Our Architecture: Beekeeper Studio is a desktop database client. This policy covers access to our cloud services (AWS, GitHub, Heroku, support systems). See Data Flow Diagram.
Key Principles:
- Least privilege (minimum access needed)
- MFA on all production systems (100% compliance)
- Quarterly access reviews
- Immediate revocation upon termination
Scope
Applies to:
- All team members (employees and contractors)
- Cloud production systems (Heroku, App/Admin, GitHub)
- Administrative accounts and privileged access
- API keys and service accounts
-
Does NOT apply to: Customer database access (we don’t access these)

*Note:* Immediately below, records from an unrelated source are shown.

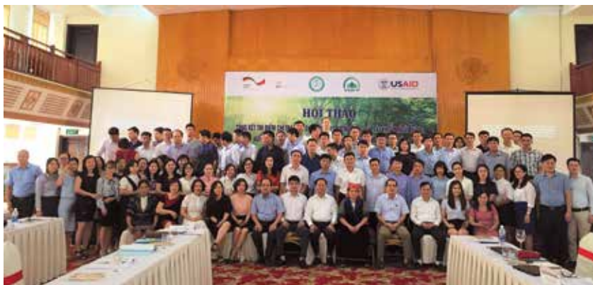
Hội thảo tổng kết thi điểm trả tiền DVMTR qua tài khoản ngân hàng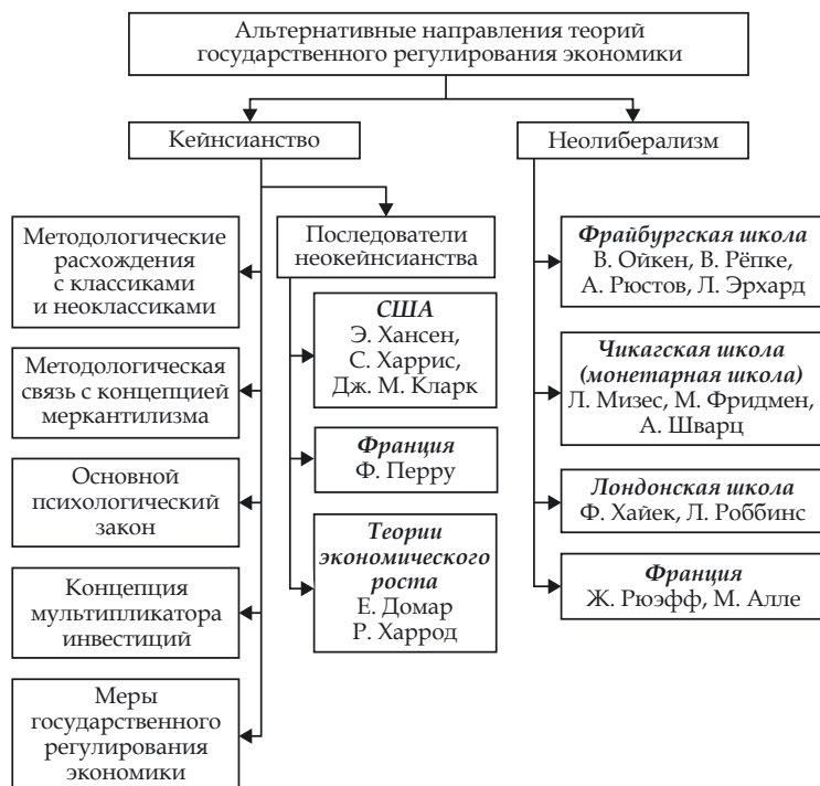
Рис. 4. Кейнсианские и неолиберальные теории государственного регулирования экономики

но являются мелкими и выступают на каждом рынке, стал несостоятельным», поскольку «неравенство, возникающее в результате существования монополии и олигополии, распространяется на сравнительно узкий круг людей и в силу этого в принципе может быть исправлено вмешательством государства» [2, с. 40, 43].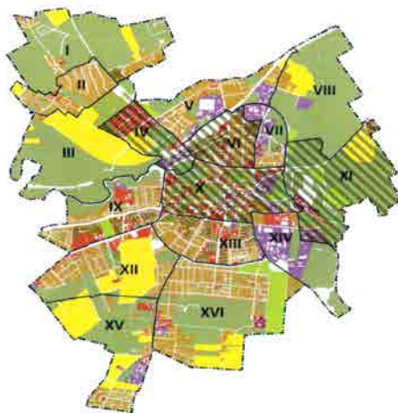
Identyfikacja obszarów rewitalizacji w województwie pomorskim - Starogard Gdański

Analiza wskaźników dotyczyła wszystkich wyznaczonych jednostek w mieście, co też stanowi odzwierciedlenie rekomendacji zawartych w ustawie. Powstałe Raporty z delimitacji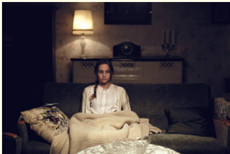
In der Stille der Nacht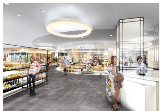
【館内】 シックな色合の床や天井で洗練された雰囲気を演出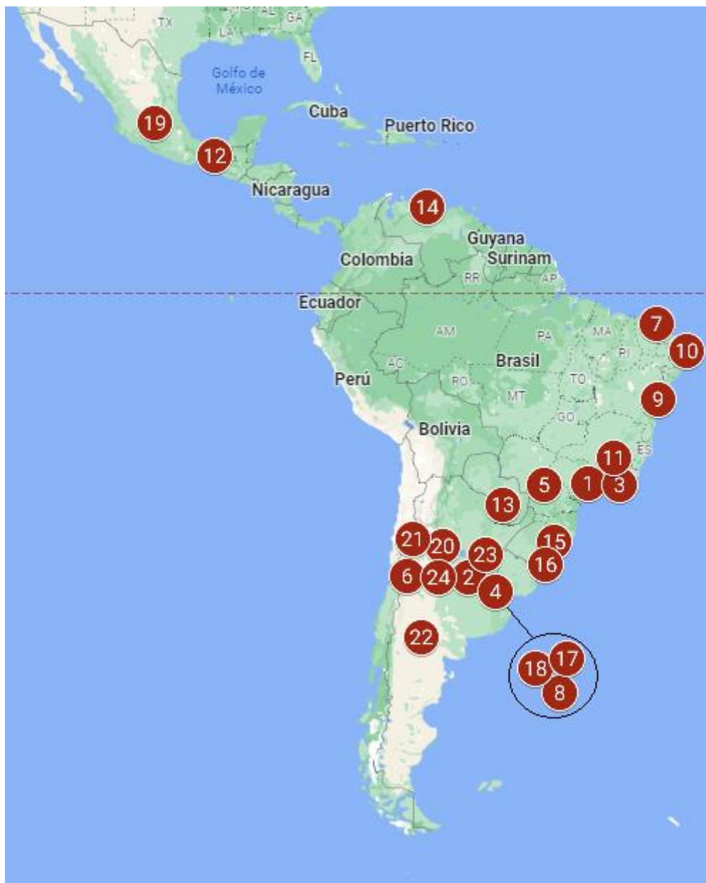
Figura 4 - Ubicación geográfica de las formaciones en música popular en universidades públicas de América Latina

A continuación, se incluye un breve recorrido histórico de las formaciones y sus respectivas universidades. Las informaciones fueron extraídas tanto de la web como de los documentos curriculares recolectados.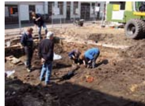
Opgraving van een boerderij aan de Valkestraat. Het skelet van een rund wordt vrijgelegd.

De stadsrechtverlening door bisschop Hendrik van Vianden in 1259 was een bevestiging van al oudere stedelijke rechten, waaronder waarschijnlijk het marktrecht. 9 Een stadsbestuur nam de leiding over van de bisschoppelijke voogd en omstreeks de tijd van de officiële stadsrechtverlening begon men met de bouw van de stadsmuur. Hierbij verzezen de poorten het eerst en vervolgens de muur zelf met daarvoor een dubbele gracht, die voor een deel door de natuurlijke loop van de Eem werd bepaald. Archeologisch onderzoek op de Hof heeft aangetoond dat dit centrale plein in de stad al in de loop van de 13 e eeuw in een keer met een dik pakket grond is opgehoogd, dus als één geheel werd gezien. Toen was de Hof in ieder geval reeds als marktplein in gebruik, maar misschien zelfs eerder. Vanaf rond 1300 was een drenkplaats in gebruik voor het vee dat hier op de markt werd gebracht. 10

1. Access Management Principles
1.1 Least Privilege
Definition: Users granted minimum access necessary to perform job duties.
Implementation:
- Default to no access, grant only when justified
- Role-based access control (RBAC) over individual permissions whenever possible
- Time-limited access for temporary needs
- Separate accounts for administrative vs. regular tasks
Examples:
- Developers have read access to production, write access to staging
- Customer support has read-only access to customer data
- Database administrators have full access to databases
- Marketing team has no access to production systems
1.2 Separation of Duties
Definition: No single person has complete control over critical processes.
Implementation:
- Code review required before production deployment
- Separate approvers for financial transactions
- Multi-person approval for security-sensitive changes
- Audit trail for all privileged actions
Examples:
- Developer cannot deploy their own code to production
- Person requesting payment cannot approve payment
- Security configuration changes require peer review
1.3 Need-to-Know Basis
Definition: Access granted only to data and systems required for job function.
Implementation:
- Compartmentalize access by role and team
- Limit access to customer data to those who need it
- Restrict student data access to authorized personnel
- Document justification for access requests
1.4 Defense in Depth
Definition: Multiple layers of access controls.
Implementation:
- Platform-level controls (Heroku managed networking, VPN)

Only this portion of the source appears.